那“扫过”的波动如同冰冷的蛛丝,拂过灵魂后悄然抽离,留下的是彻骨的寒意和挥之不去的惊悸。
云棠僵在石缝里,许久,直到确定那感觉彻底远去,体内强行压制的“怒江”都开始不安躁动,她才缓缓放松紧绷的肢体。

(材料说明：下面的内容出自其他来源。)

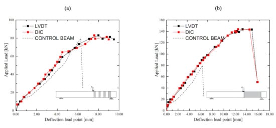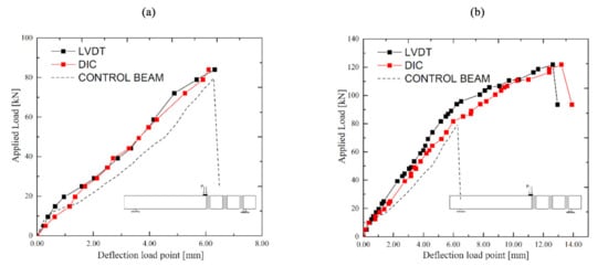 Figure 5 and Figure 6 show the load-deflection curves of the four tested beams. The black curves refer to the average displacement detected by using al LVDTs (placed at the loading point). In the same graphs, the red curves represent the response detected using DIC system. A picture at each load level was taken in order to monitor the front surface of AoI during the testing phases. The load curves obtained by using LVDT and DIC system were in good agreement. The performance between the two systems (LVDTs and DIC), are compared and the values of the deflection at the maximum load level are summarised in Table 2. Pu indicates the failure load, while δu indicates the corresponding deflection values (meaning the average of the two LVTDs at the load point).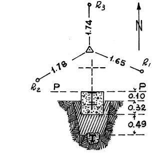 | Materializzazione | Segnale sul dorso di una collina, circa ottocento metri a sud-ovest del bivio delle strade per Catanzaro e per S. Mauro Marchesato. Centrini di superficie e di fondo. Riferimenti: tre come da pianta. |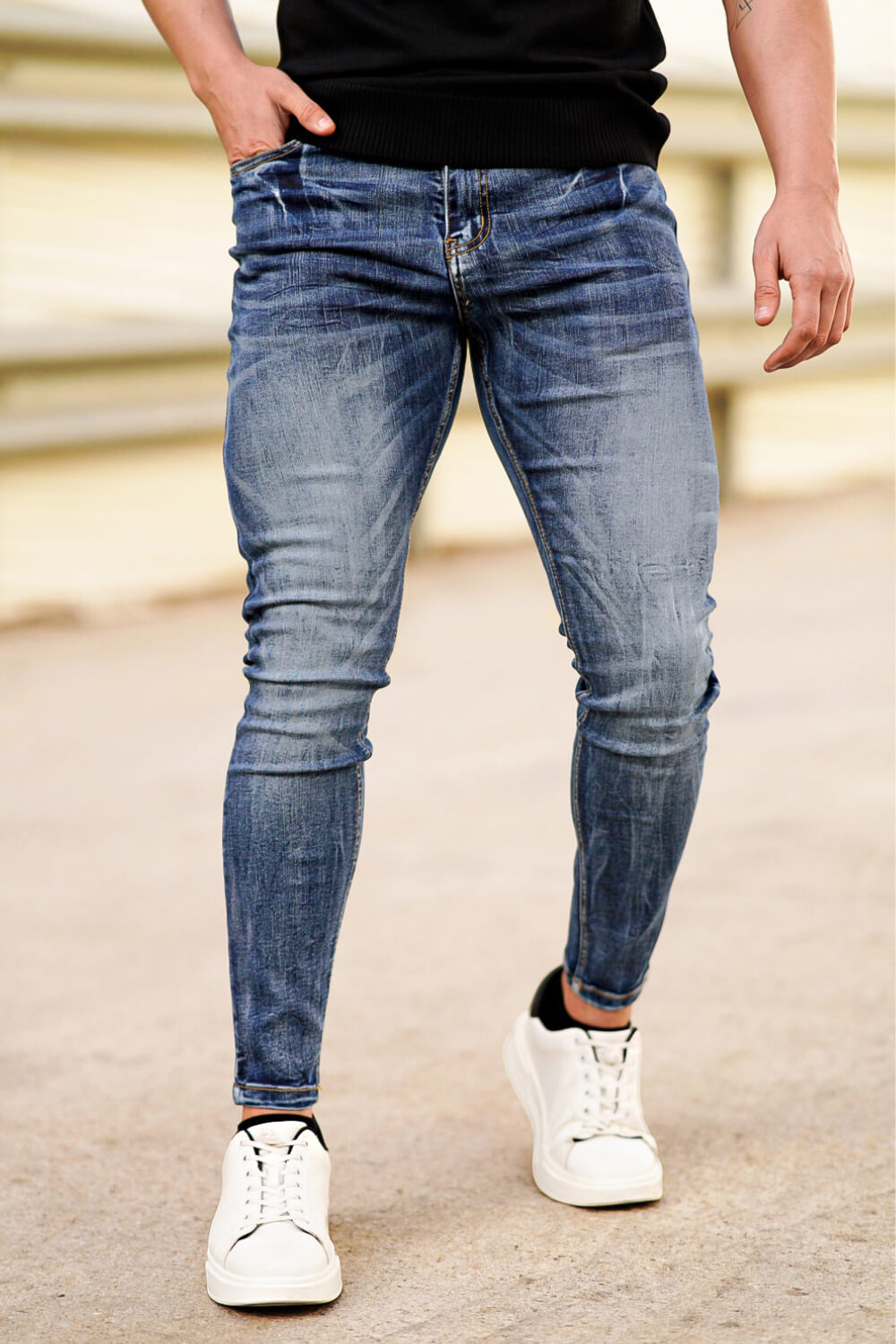Jean en denim super confortable et très extensible, conçu avec une coupe flatteuse et musclée au niveau des cuisses. Nos jeans skinny stretch pour hommes s'adaptent au bas de votre corps pour être portés toute la journée et peuvent être associés à nos hauts basiques populaires.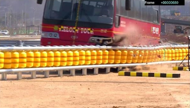 公司ETI公司的發明, 滾子系統名稱這一新的安全欄,通過改變車輛的運動軌跡衰減的衝擊力, 恢復的道路上的背面. 他已經通過了所有測試,由公路安全局在韓國獲得批准.

不是错觉,有什么东西,“看”了这里一眼,范围极广,精度骇人,目的不明。
若非她那层粗糙的“能量滤网”带着一丝凶煞与剑意的异种特质,引起了那波动一丝几乎可以忽略不计的“疑惑”,她恐怕已经被精准锁定。
宗门大能?禁地古阵?还是……柳玄音?
无论哪一种,这凹坑都不再安全。被动等待,就是坐以待毙。
必须动起来,在更危险的“注视”再次降临前,在可能的追兵深入禁地前。
云棠复眼幽光闪烁,做出了决定。她不再试图深度调息或理解体内混乱,而是将目标转向最实际的方向:提升机动性、强化伪装、以及……主动探查禁地的“规则”。
她开始有意识地引导体内能量,重点淬炼双翅,不再是温和滋养,而是近乎粗暴地,将一丝丝相对驯服的凶煞与阴晦混合能量,如同铁匠锻打,反复冲刷翅膀的脉络和鳞片结构。
过程痛苦,翅膀边缘甚至渗出细微的、暗红色的能量残渣,但效果显着。翅膀的韧性、对能量的承载能力、以及扇动时的力量和稳定性,都在以缓慢却坚定的速度提升。暗红与暗金的纹路越发深邃凝实,如同古老兵器上的铭文。
同时,她开始尝试模拟更多从黑色指骨和战场记忆中感知到的气息特质。不仅仅是凶煞,还有那种深沉的“沉寂”、厚重的“怨恨”、以及属于古战场特有的、混杂着金铁与血土的“荒芜”感。
她将自己散发出的能量波动,努力调整得与这片禁地深处最普遍、最“背景板”的能量环境趋同,如同变色龙融入环境。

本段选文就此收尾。